Doctor: It's an unreasoning dread of robots. You see, most living creatures use non-verbal signals. Body movement, eye contact, facial expressions, that sort of thing.

Leela: Body language!

Doctor: Exactly. But while these robots are humanoid, presumably for aesthetic reasons, they give no signals. It's rather like being surrounded by walking, talking dead men.

This serial begins in the recreation room of a giant sandminer ship belonging to a civilisation utterly dependent on robots. The workers all are discussing the urban legend of a guy whose arm was ripped off by a robot massaging him. But of course, they all know the robots have tons of safety systems in place and that they could never kill a human, right? Just then, the robots announce that they have detected a sandstorm, which stirs up ores in the sand that are worth a fortune. One poor Red Shirt, Chub, goes into the storage room to collect instruments for a weather balloon when he's strangled by...go ahead, guess. Thus begins a round of Agatha Christie-style paranoid accusations.

Enter the Fourth Doctor and Leela, who materialize in one of the sandminer's scoops. They're brought out by two robots and locked in a room, as the workers feel that the two killed Chub. It doesn't help that after they escape, the two are separately caught in the same rooms as dead bodies #2 and #3. So, the blame game enters Round Two; the crew cannot decide whether the Doctor and Leela did it or one of them. At any rate, they're locked up in iron shackles in the robot storage room. When a man named Poul frees the two out of belief in their innocence, the Doctor points out that they all completely overlooked a possible suspect: the robots. Poul laughs; the robots couldn't possibly kill a human!
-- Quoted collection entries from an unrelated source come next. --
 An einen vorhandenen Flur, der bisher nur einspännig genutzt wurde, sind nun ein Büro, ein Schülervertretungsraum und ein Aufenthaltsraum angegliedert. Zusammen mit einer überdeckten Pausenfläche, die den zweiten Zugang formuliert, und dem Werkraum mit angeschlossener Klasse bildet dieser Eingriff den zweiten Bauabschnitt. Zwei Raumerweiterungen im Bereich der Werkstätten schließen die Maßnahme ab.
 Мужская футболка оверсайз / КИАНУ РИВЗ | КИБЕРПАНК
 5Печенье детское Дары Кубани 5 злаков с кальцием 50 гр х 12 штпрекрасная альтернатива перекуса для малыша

While the Doctor tries to convince Poul otherwise, a woman named Zilda goes into Commander Uvanov's room and announces over a loudspeaker that she knows he's the murderer, but before she can explain how or why she gets strangled. For those watching at home, the body count is now up to 4. Suddenly, the ship shakes! Turns out, the ship has been sabotaged, and Red Shirt repairman Borg (No, not that Borg) has become dead body #5. The ship can't handle the stress and is about to blow up, but the Doctor cuts out the power and gets a man named Dask to repair the motors so the ship won't sink into the sand. Leela bandages up the hand of acting commander Toos, who heads to her quarters.
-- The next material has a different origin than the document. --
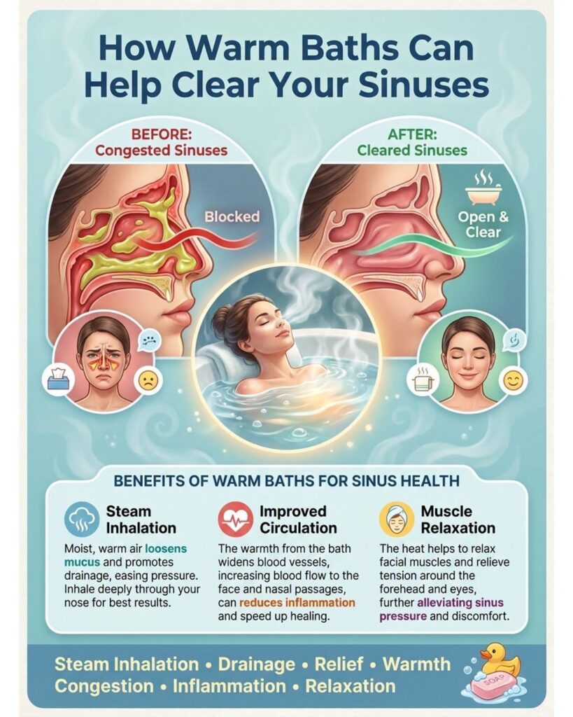 So, next time your head feels like a concrete block, try a warm bath before reaching for that medicine cabinet. It’s old-school, but it works. And hey, if you’re all about supporting your body naturally, you might like checking out ways your face reveals what part of your body is sick or figuring out how your sleeping position can affect health. For even more tips on sinus care, don’t miss these guides on Sinusitis Dos and Don’ts – WebMD and handy sinus infection home remedies from doctors. Trust me, don’t knock the power of a warm bath till you’ve tried it—sometimes, the simplest solutions are the best.

Suddenly, yay, plot! A robot named D84 reveals that it and Poul are undercover agents for the mining company, who were placed on board the miner due to threats of a robot revolution by Mad Scientist Taren Capel. The Doctor and D84 search the miner for proof that Taren Capel is on board, and find a secret workshop where the robots' programming has been changed to enable them to kill humans. He tells Toos over the communications system to get the others and head for the command deck. But as soon as she can get to the door, she's blocked by a strangle-happy robot and just barely gets away by making the door slam onto its hand. Leela manages to find Poul, but he's too busy lying on the ground in the fetal position while he screams about how the robots have always controlled him to help. Meanwhile, it dawns on the Doctor and D84 that "Dask" is really Taren Capel, and he wants to liberate robots by giving them the ambition to take over civilization. Taren Capel (now wearing the robots' clothes and wearing facepaint to mimic them) gives his order to the robots: Destroy all remaining humans on board. The Doctor realizes that this is the end of this civilization, as the robots they so depend on will become a source of overwhelming fear.
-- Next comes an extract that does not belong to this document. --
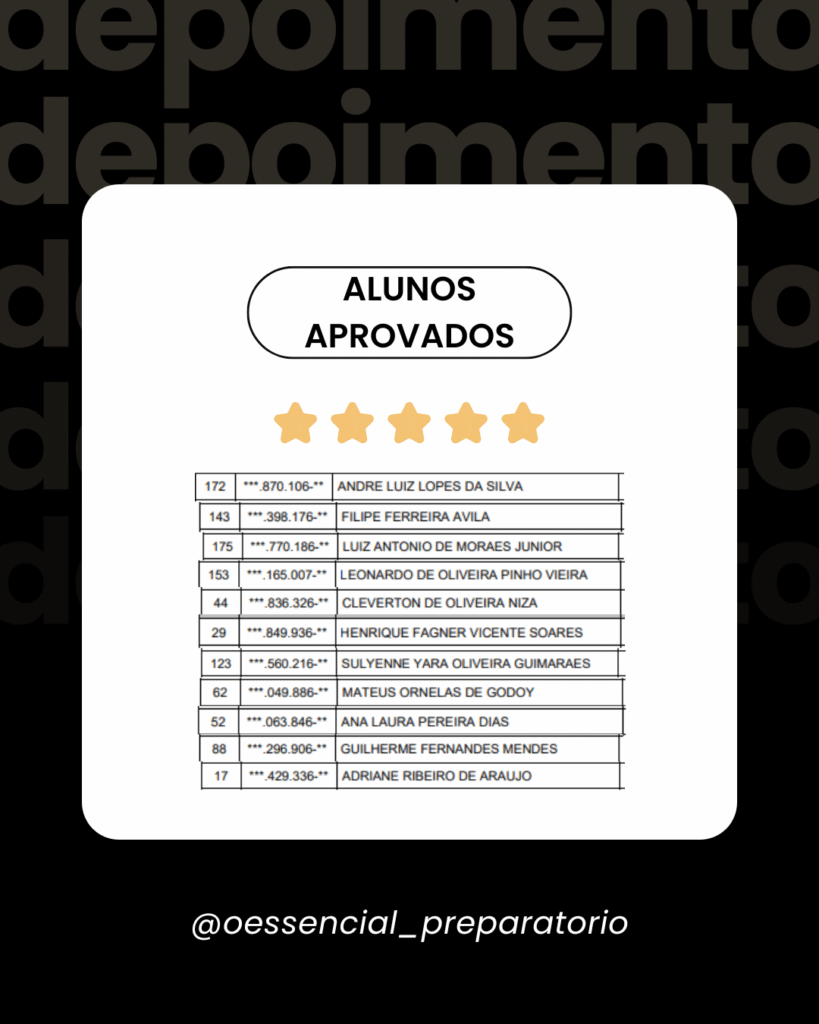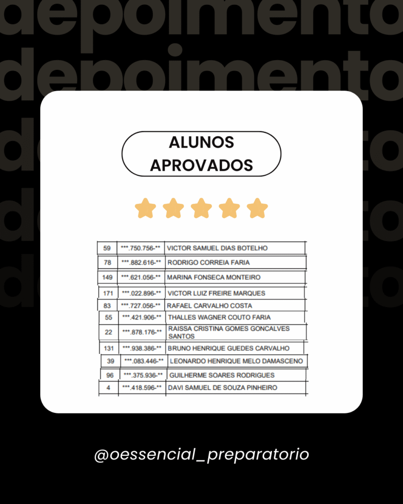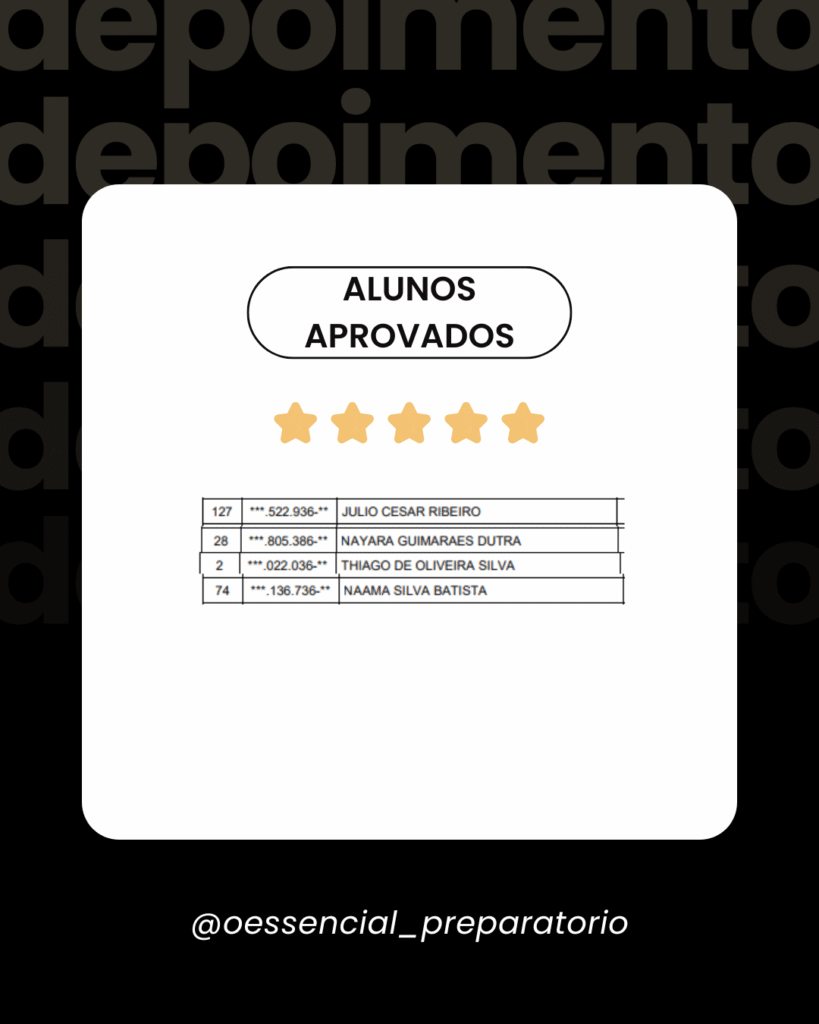Siga nosso Instagram e fique por dentro das novidades do Essencial Preparatório.

The Doctor comes up with a plan to destroy the robots: They're all being controlled by one particular robot: SV7. If it dies, the others will stop killing. He uses parts from a broken robot to creates a final deactivator - a device that will destroy any still functioning robots at close range. At the same time, Uvanov and Toos have arrived at the command deck and built makeshift anti-robot bombs, which they proceed to kick robo-ass with.

The Doctor hides Leela in Taren's workshop with a canister of helium gas, telling her to release it slowly when Taren comes in. The Doctor hopes that this will change Taren's voice, so his robots - unable to recognize him - won't obey his orders.

Taren arrives and damages D84, but the robot is able to activate the Doctor's device to destroy a killer robot, knowingly sacrificing itself in the process (Dead Body #6...ish?). Leela releases the helium gas, causing Taren's voice to become high-pitched and squeaky, and Taren is killed by SV7 when it fails to identify his voice. The Doctor then destroys SV7 with a laser probe. The Doctor spends about 20 seconds explaining some Fridge Logic (Why didn't the Doctor's voice go all squeaky? What's going to happen to Toos and Uvanov, or hell, the entire civilization) and then enters the TARDIS. Cue credits.

Tropes

  • Alternate Character Interpretation: It's stated by Poul that Uvanov left Zilda's brother out to die ten years before because he didn't want to waste time and money. Later, Uvanov reveals that he in fact tried to save him when he came down with robophobia and panicked. The boy's father didn't want the boy thought of as a coward and had the records altered.
  • Androids and Detectives: D84 and Poul.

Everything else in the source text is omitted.